程序在新版 Ubuntu 24 下编译,优化掉了 CSU,此时我们很难利用 ELF 的 gadget 来 ROP.

我们想办法泄露 libc 地址或者 ld 地址然后利用 libc/ld 中的 gadget 来 ROP,执行 open + read + write 来输出 flag 文件内容。

程序中只有 write 函数可以进行输出,我们可以利用一个字节任意地址写的机会,把 close 函数的 GOT 表的数值改为write函数的 PLT 表的地址(因为存在延迟绑定,close 在第一次调用之前指向的是 PLT 中的表项,我们很容易利用修改最低一个字节的方法来使其指向 write 函数的 PLT 表)。

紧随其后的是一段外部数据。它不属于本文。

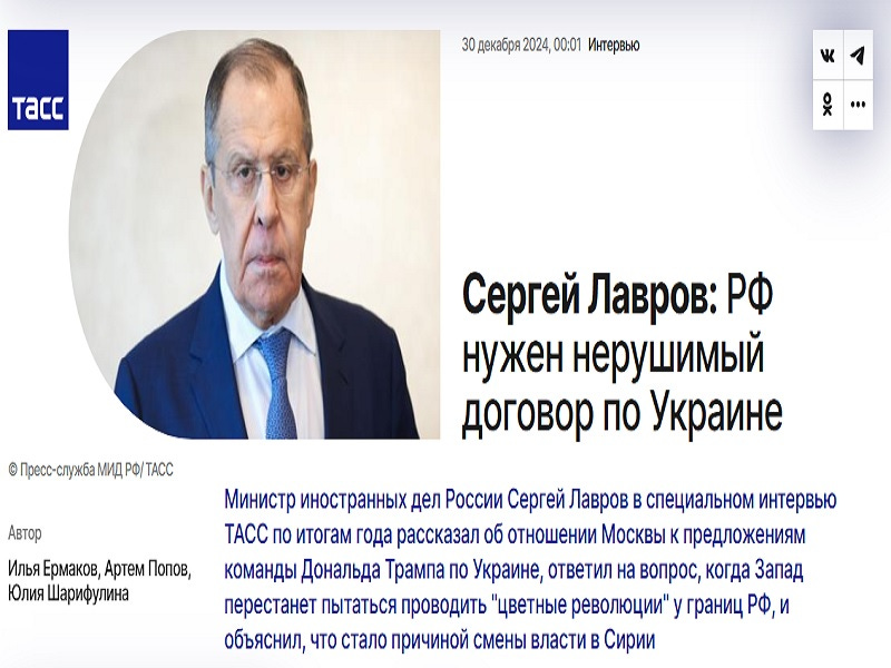 Russian Foreign Minister Sergey Lavrov gave a year-end interview with TASS where he touched upon the most important developments from the past year that’ll likely shape events in 2025. From the get-go, he rejected Trump’s reported plans to freeze the conflict, delay Ukraine’s membership in NATO, and deploy Western peacekeepers there and reminded everyone of the terms that Putin declared for ending the special operation. Russia also requires legally binding agreements that address the root of the conflict.

之后由于 close(1) 设置第一个参数为 1,同时 read(0, v5, 0x110uLL); 会残留第 2、3 个参数,我们修改 close 的 GOT 表之后相当于执行 write(1,v5,0x110uLL);,就可以泄露栈上的内容,正好能泄露 libc 地址,之后利用栈溢出再次启动 main 函数栈溢出 ROP 即可。

由于 glibc 2.39 版本不容易控制 rdx 寄存器,我们可以使用 pop rax + xchg eax, edx 的方法来设置 rdx 寄存器的数值。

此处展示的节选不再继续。